Pictures stay out of the copy; output exactly the lines from the one containing "DISEÑO 3 EN" through the end of the material.

§ GIVEN MATERIAL:
Start of Block

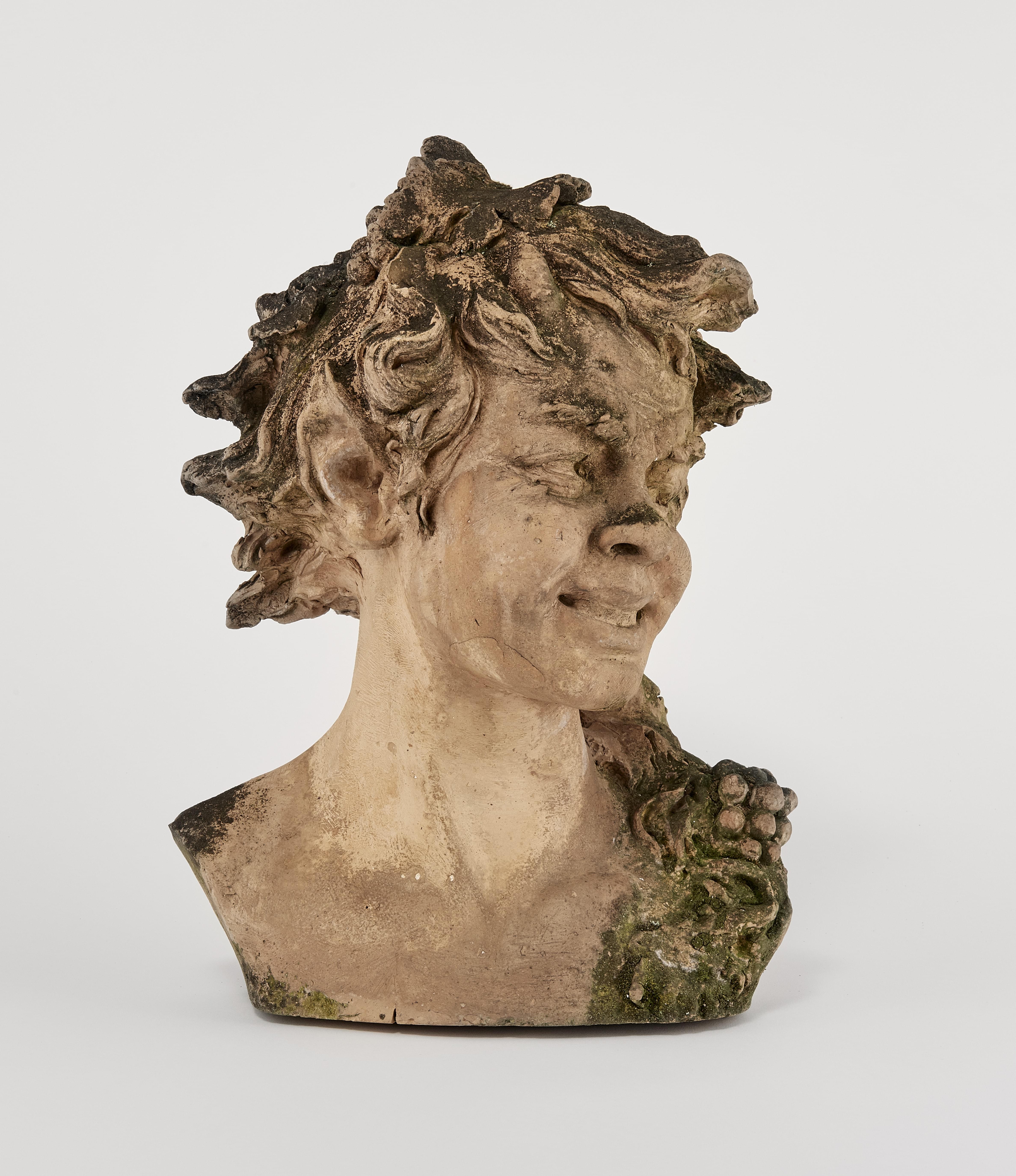 Buste de jeune satyre, terre cuite, signature non identifiée, H 38 cm
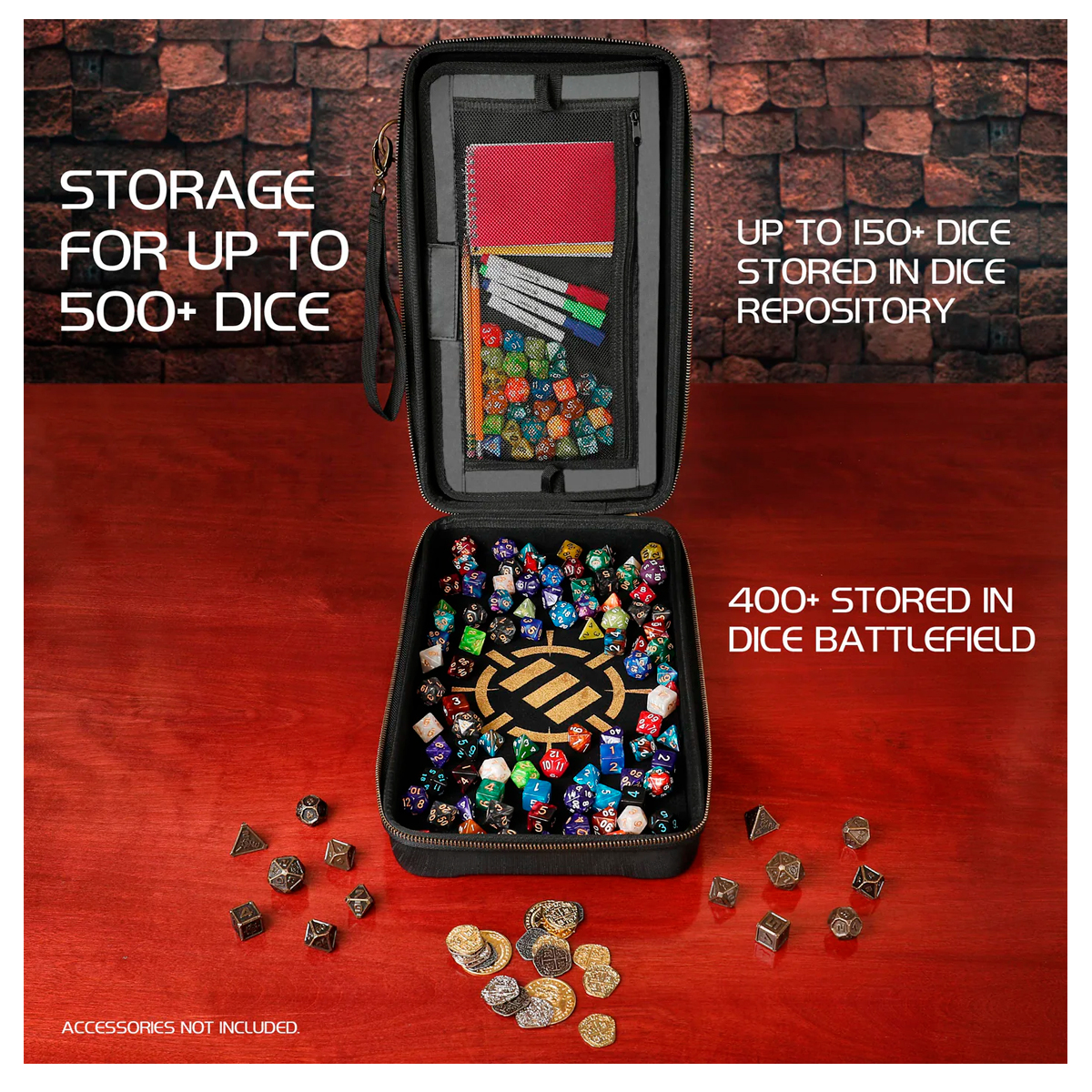 DISEÑO 3 EN 1: Guarda, organiza y enrolla tus dados con un diseño resistente con cremallera que puede contener más de 500 dados; mantén ambos lados del estuche juntos para guardarlos o sepáralos fácilmente durante el juego.
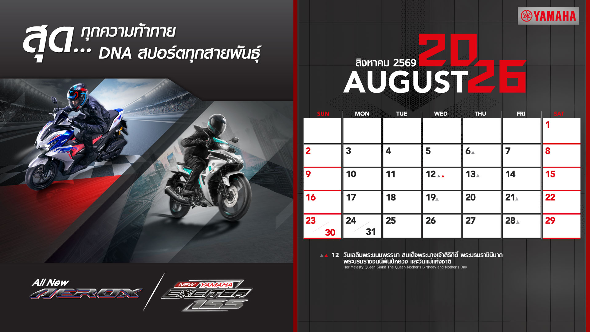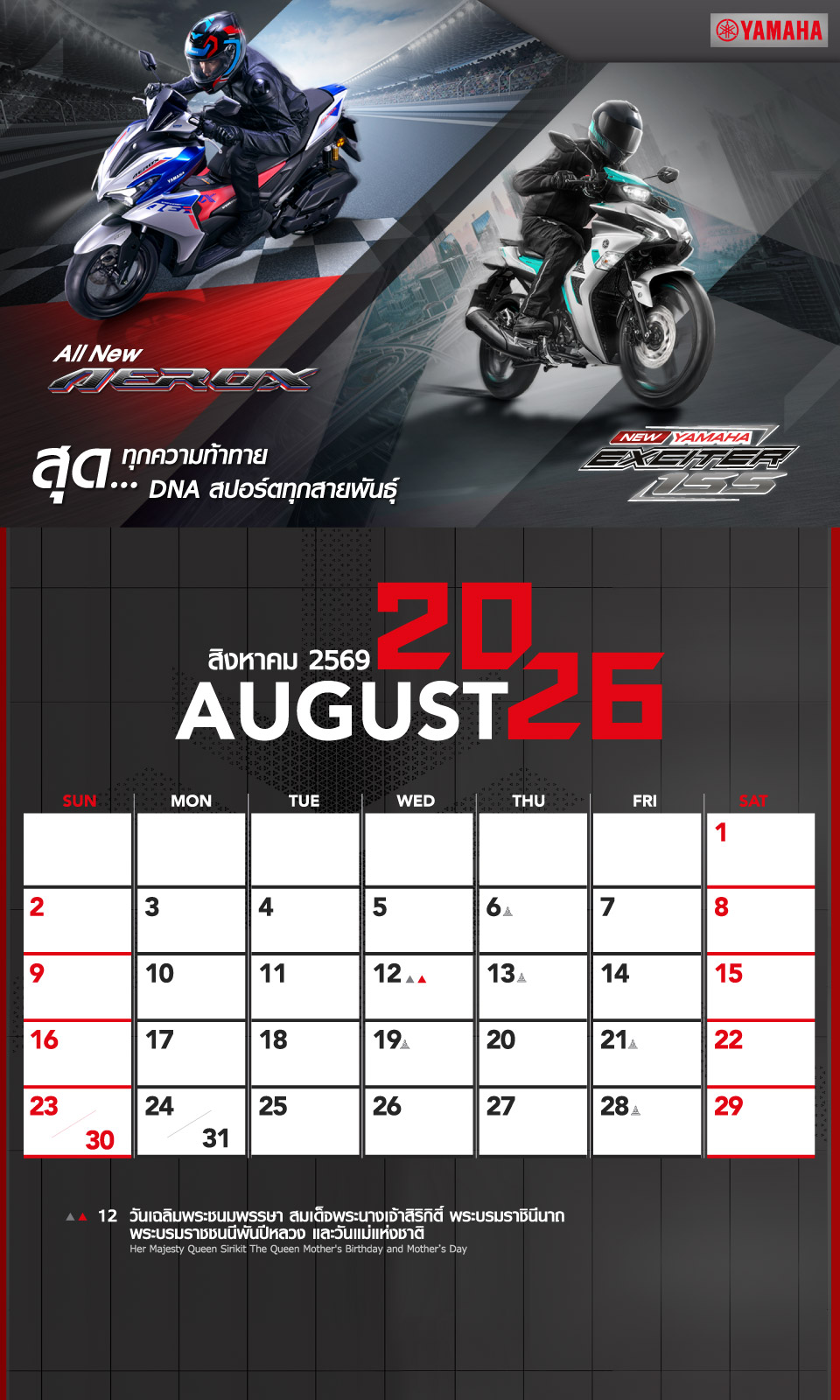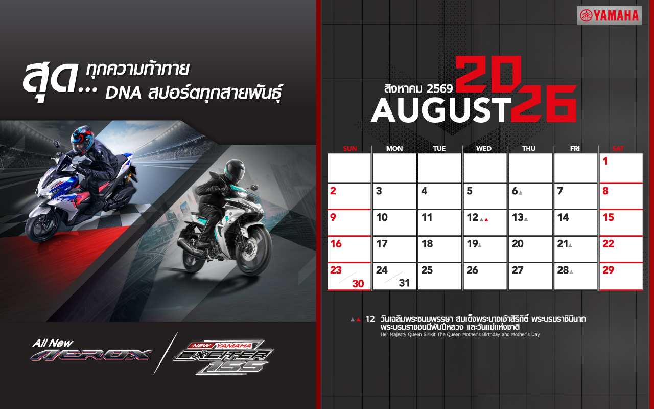 Yamaha Calendar August 2026

End of Block

§ REPLY:
 DISEÑO 3 EN 1: Guarda, organiza y enrolla tus dados con un diseño resistente con cremallera que puede contener más de 500 dados; mantén ambos lados del estuche juntos para guardarlos o sepáralos fácilmente durante el juego.
 Yamaha Calendar August 2026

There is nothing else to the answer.